═════ Data block

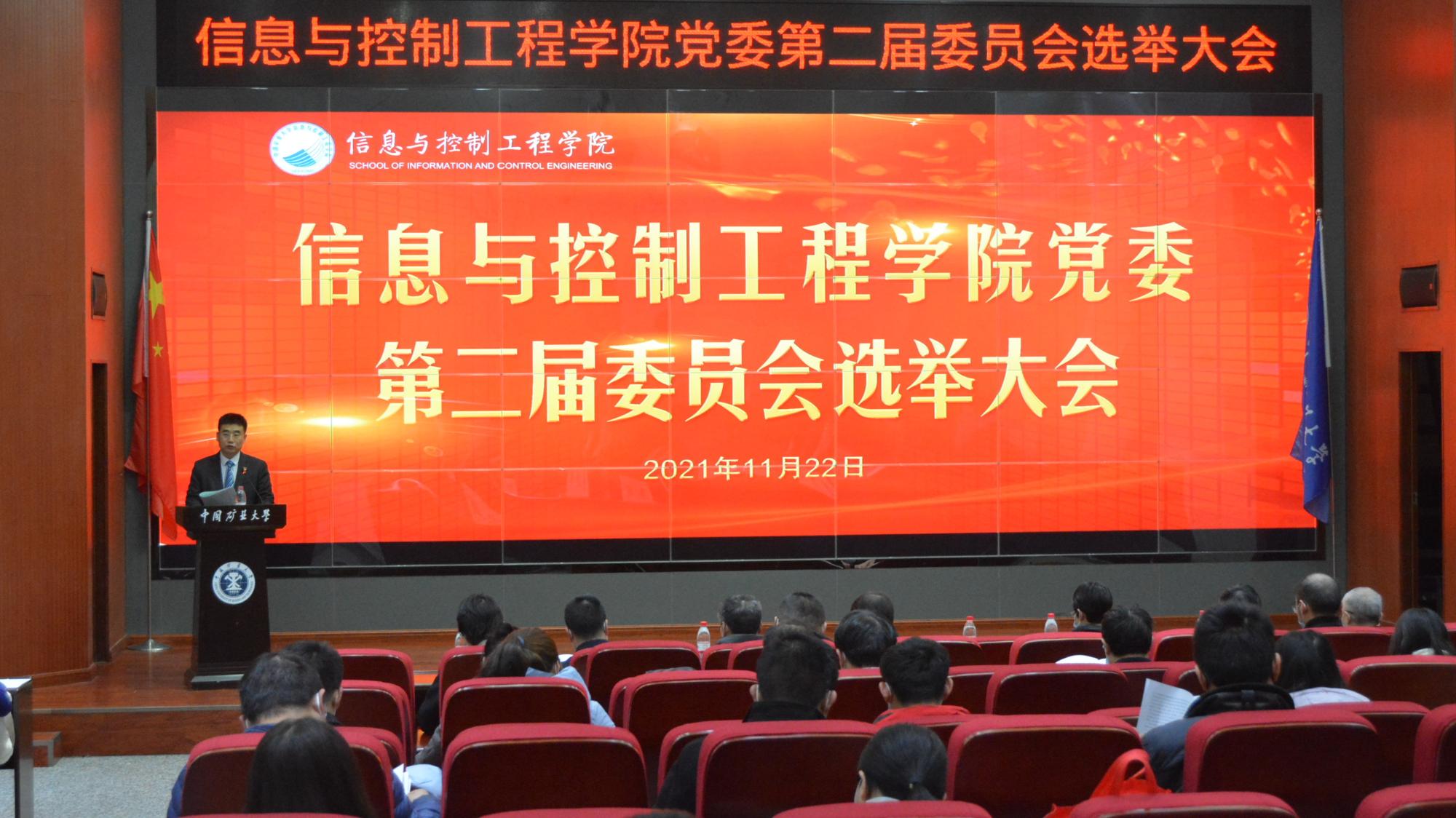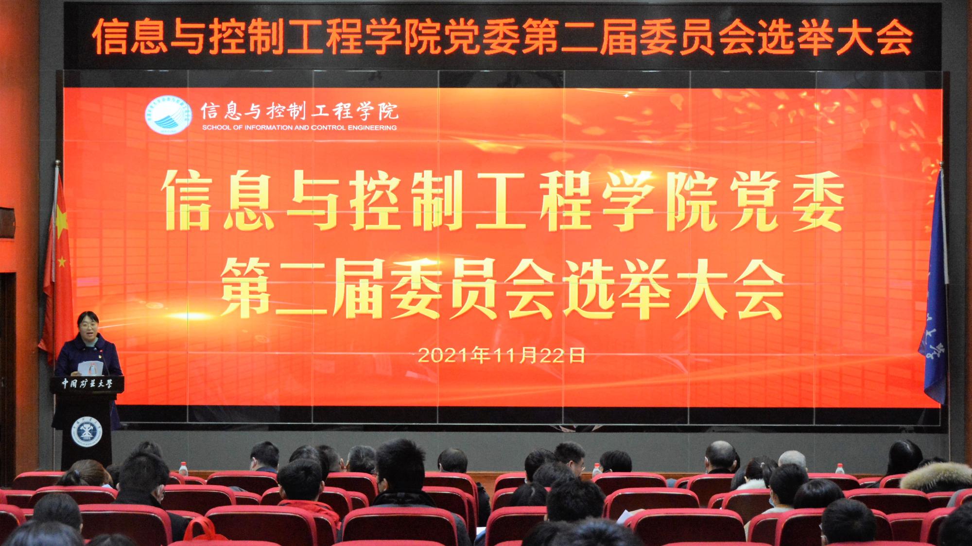 11月22日下午,信控学院党委换届选举大会在学院楼A101报告厅举行,学院全体教职工党员和学生党员代表共计120人参加了大会,大会由学院党委副书记翟文艳主持。
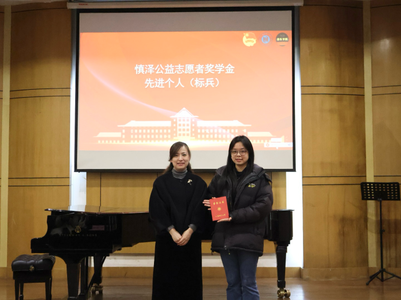 上海师范大学教育发展基金会副秘书长王军峰,音乐学院院长施忠为“慎泽公益志愿者奖学金”先进个人颁奖。
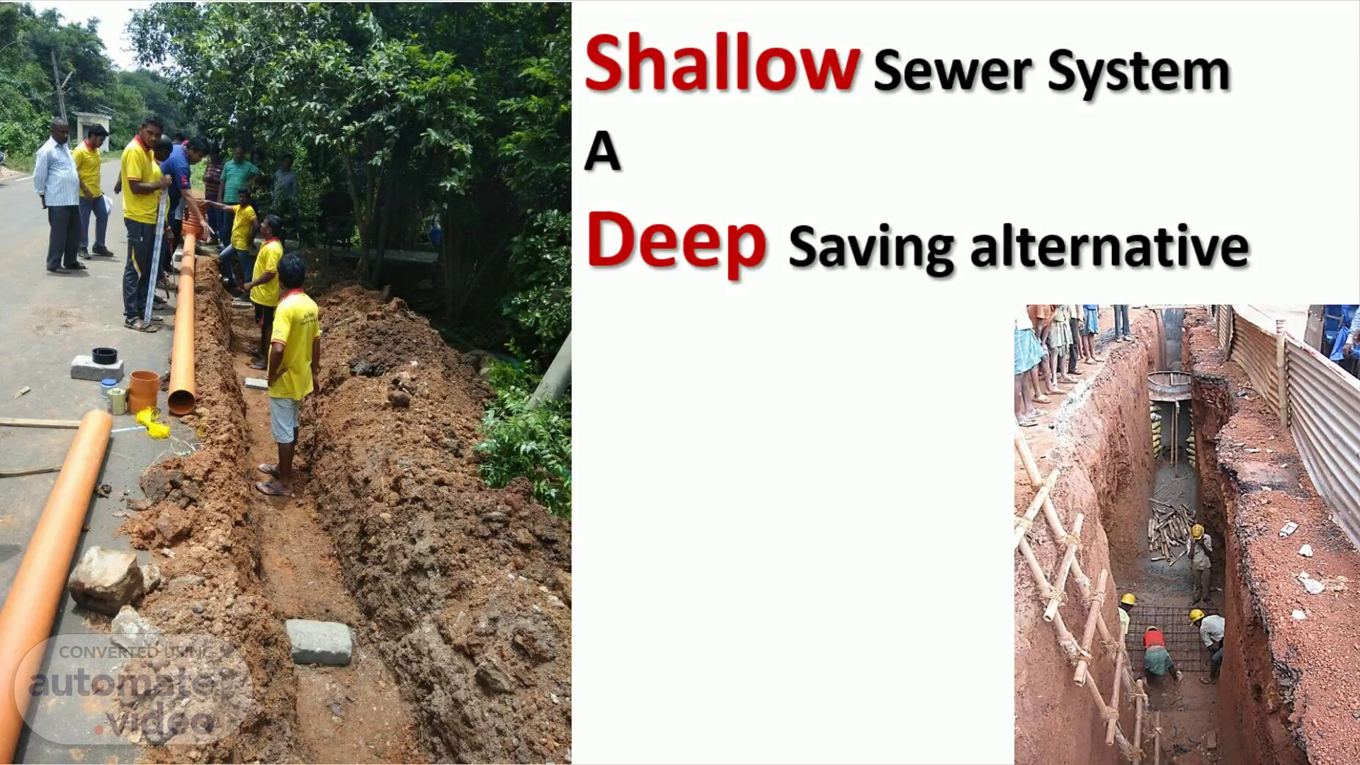 [Audio] Welcome to the narrated presentation on Shallow Sewer System. The conventional sewerage system, besides requiring huge capital investment, is often found to encounter unreasonable delay in its implementation. A group of professions at NCPE, with over two decades of experience in the field of water supply and sewerage, have undertaken a pilot study in one sewerage zone of Nalgonda Municipality in Telangana in order to demonstrate that the shallow sewer system is cost effective, permits rapid implementation, causes least public nuisance and involves minimum road digging..
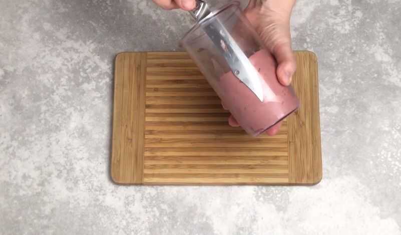 7. С помощью блендера измельчаем куриное мясо. Добавляем в него свекольный сок, мускатный орех, чеснок, желатин и еще раз взбиваем все ингредиенты.

══════════

Task item: Copy each line of the material above exactly, but not the images.

Solved exercise:
 11月22日下午,信控学院党委换届选举大会在学院楼A101报告厅举行,学院全体教职工党员和学生党员代表共计120人参加了大会,大会由学院党委副书记翟文艳主持。
 上海师范大学教育发展基金会副秘书长王军峰,音乐学院院长施忠为“慎泽公益志愿者奖学金”先进个人颁奖。
 [Audio] Welcome to the narrated presentation on Shallow Sewer System. The conventional sewerage system, besides requiring huge capital investment, is often found to encounter unreasonable delay in its implementation. A group of professions at NCPE, with over two decades of experience in the field of water supply and sewerage, have undertaken a pilot study in one sewerage zone of Nalgonda Municipality in Telangana in order to demonstrate that the shallow sewer system is cost effective, permits rapid implementation, causes least public nuisance and involves minimum road digging..
 7. С помощью блендера измельчаем куриное мясо. Добавляем в него свекольный сок, мускатный орех, чеснок, желатин и еще раз взбиваем все ингредиенты.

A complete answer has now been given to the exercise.